Le petit village montagneux de Rehibat est bien connu pour certaines infrastructures récemment construites à proximité. Aujourd'hui, Rehibat sert comme le seul 'aéroport' des montagnes de Nafusa grâce à une section de la route longue d’un peu plus d’un kilomètre et demi qui fonctionne comme une piste d'atterrissage pour les avions de ravitaillement qui viendraient de Benghazi.

Il y a trop de controverse pour savoir si les approvisionnements viennent des parachutages français ou de la capitale libyenne des rebelles, un peu plus à l'est. Jusqu'à présent, IPS a rencontré des combattants mal armés et des civils locaux qui affirment que quelques avions atterrissent régulièrement sur la piste de Rehibat.

Des bandes d'enfants nettoient les rues Suivant la route de l'est depuis Rehibat, nous arrivons à Zintan, la principale ville arabe de la région de Nafusa qui se glorifie d'être “la première ville libyenne à se soulever contre Kadhafi”. Le commandant en chef des rebelles de Zintan, Osama Jweli, est très heureux de l’amélioration de la situation sécuritaire dans sa ville natale récemment.

“Les troupes de Kadhafi n'ont jamais mis pied à Zintan, et depuis que nous avons repoussé les soldats plus à l'est de Walish, aucune roquette ne nous a touchés ici”, a indiqué Jweli à IPS.

Après avoir passé trois mois au camp de réfugiés de Remada, en Tunisie, géré par l’agence des Nations Unies pour les réfugiés, Saleh vient de retourner en Libye pour passer le Ramadan dans sa Zintan natale.

“On m'avait dit que la sécurité s'était améliorée de façon spectaculaire à Zintan, alors je suis venu pour vérifier cela moi-même il y a deux semaines”, a déclaré Saleh. “Des débris sont encore partout mais, heureusement, notre maison n'a pas été touchée par des roquettes ou par des pilleurs”.

Zintan paraissait certainement mieux que prévu, en partie grâce aux nombreux volontaires qui sont descendus dans les rues ces dernières semaines.
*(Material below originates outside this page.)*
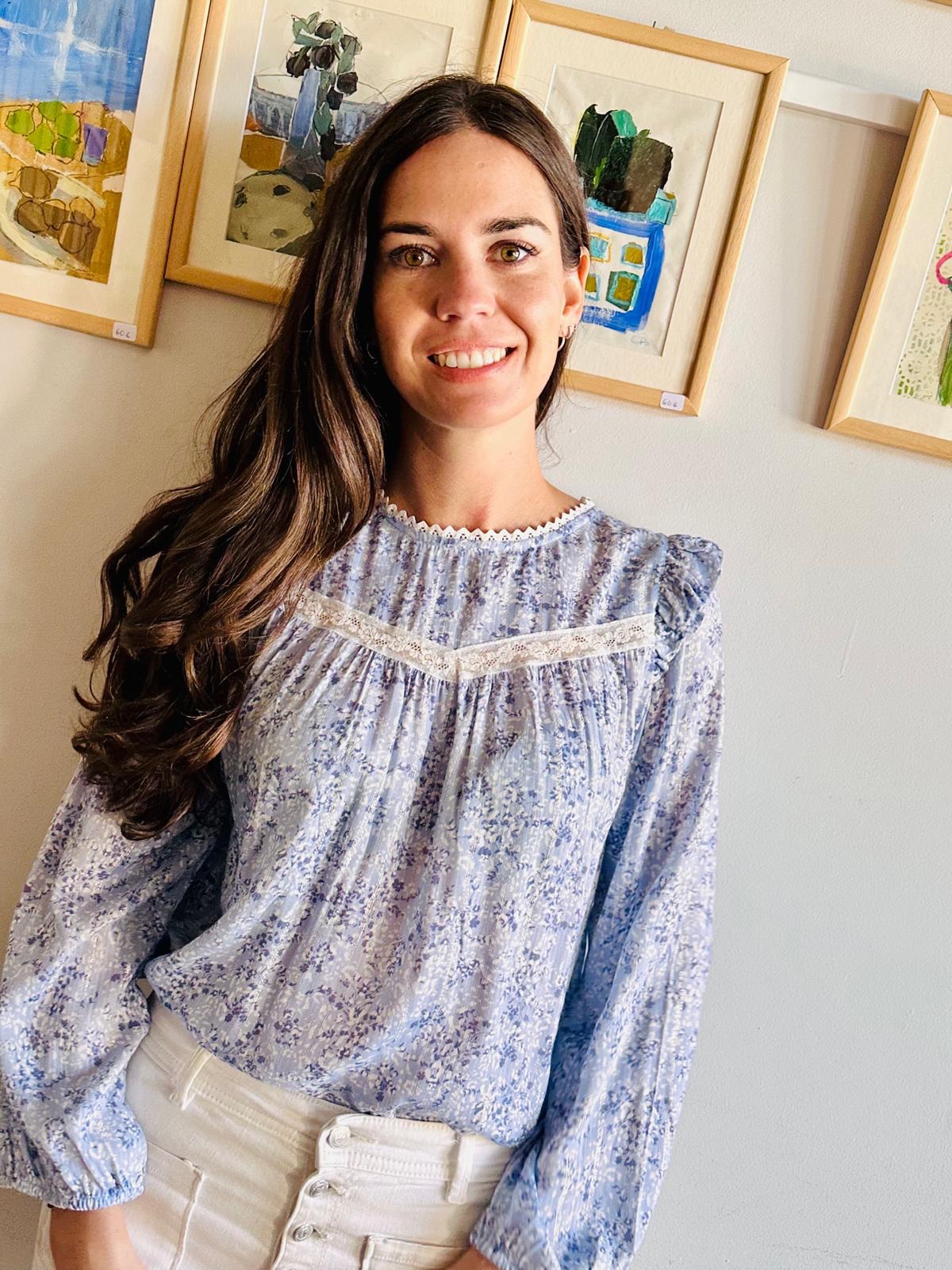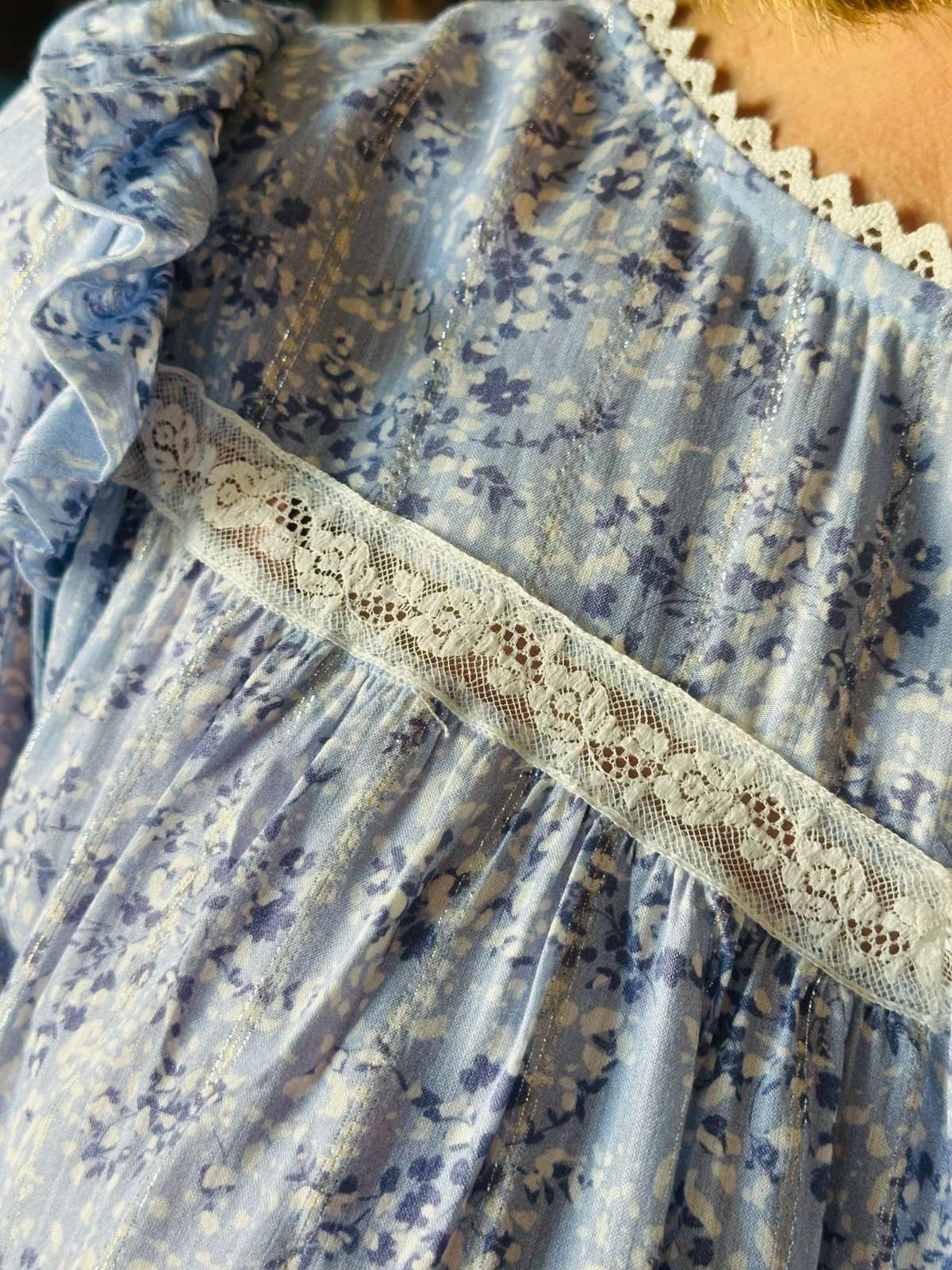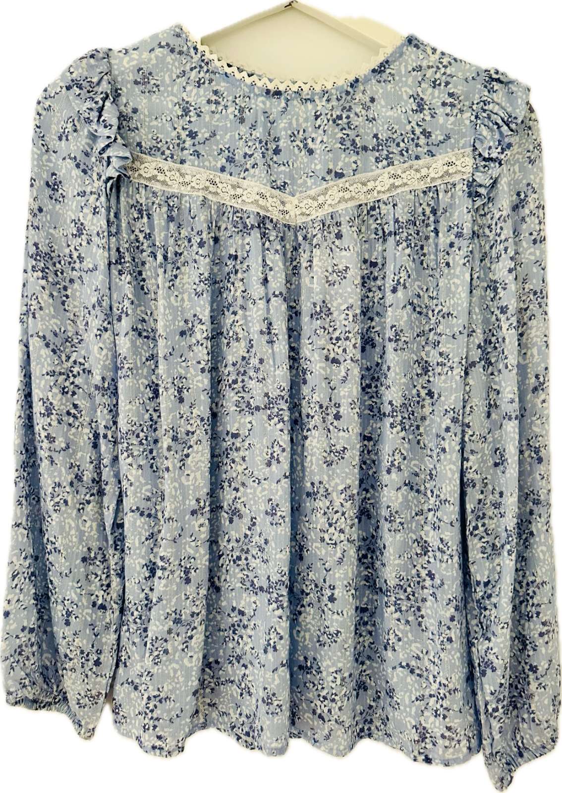 Blusa ligera y fluida confeccionado en viscosa 100% con hilo de lurex, con una franja delantera en encaje de Valenciennes y pequeño volate en el hombro. Manga larga con puño elástico. Cuello rematado con un fino encaje. Apertura con botón en la espalda. Tela con certificado OEKO-TEX Standard 100.

La plupart d'entre eux sont des enfants, déterminés à se débarrasser de tous les souvenirs désagréables de la guerre en cours – y compris les murs noircis, qui disparaissent sous des couches de peinture blanche.

Le nettoyage de la ville est probablement la meilleure façon d’occuper les enfants jusqu'à ce qu'ils retournent à l'école en septembre. Mais savoir s'ils suivront des cours dans leur ancienne école à Zintan, ou à l'intérieur d'une tente de camp de réfugiés, est toujours un mystère qui tourmente tout le monde ici.
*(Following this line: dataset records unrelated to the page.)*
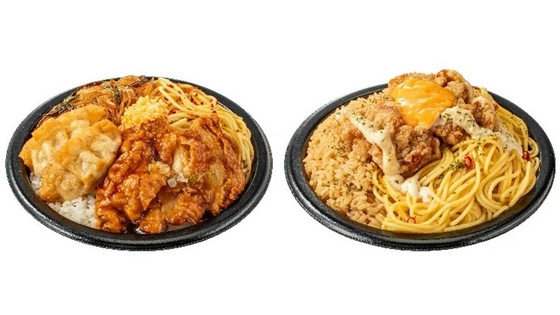 商品は、油淋鶏・餃子・麻婆春雨・中華風ペペロンチーノを一度に楽しめるチョモランマ盛りの中華弁当「ドカ盛り!欲張り中華弁当」(税別698円・1033kcal)、豚骨めしに唐揚げとペペロンチーノを組み合わせて濃厚なチーズと背油にんにくマヨをかけた「ドカ盛り!にんにくマヨ&チーズの豚骨めし&ペペロンチーノ」(税別698円・1124kcal)、ハムカツ・ハムサラダ・ソフトサラミの3種類を味わえる「ハム&ソフトサラミサンド」(税別418円・494kcal)、特大コロッケを大胆にサンドした「とびでたコロッケパン」(税込318円・661kcal)、オニオン・コーン・ベーコン・チーズの4つの具材を使った「あふれたピザパン」(税別318円・470kcal)、とろけるミルクプリンの上にホイップクリームと練乳ソースをドカ盛りに重ねた「クリームドカ盛り!背徳ミルクプリン」(税別630円・698kcal)です。
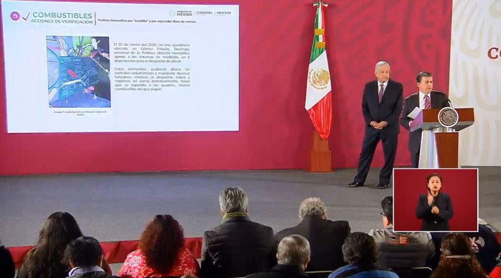 En la conferencia matutina presidencial, presentó el informe semanal “Quién es quién en el precio de la gasolina” y reveló el caso de una gasolinera en Gómez Palacio, Durango, donde se encontraron los manipuladores tecnológicos.
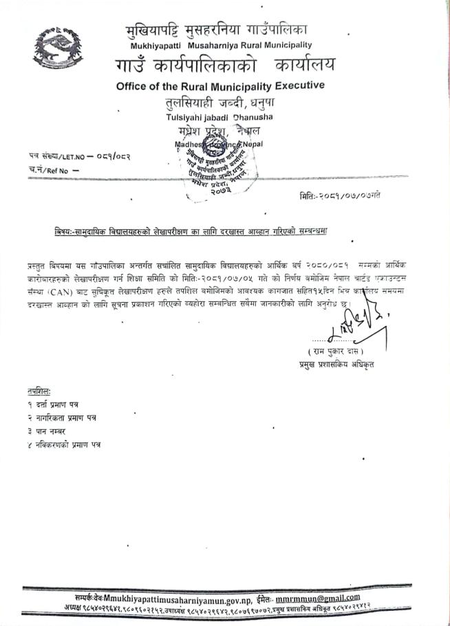 सामुदायीक विद्यालयहरुको लेखापरिक्षणका लागि दरखास्त आवहान सम्बन्धमा ।

Mokhtar Ali Ihmad a enseigné dans l'école locale jusqu'à ce qu’il ait ramassé une kalachnikov en février dernier et ait rejoint les rebelles. Cet Arabe de 35 ans ne peut pas attendre pour reprendre ses cours, mais son moral n'est pas aussi élevé qu’il y a quelques mois. “Après que Ben Ali et Moubarak sont partis, nous pensions tous que Kadhafi leur emboîterait les pas. Puis la guerre a commencé et le Ramadan était notre prochain 'délai' pour renverser le tyran. Maintenant, nous pensons tous que la guerre pourrait vraiment durer beaucoup plus que prévu”, a confié Ali à IPS.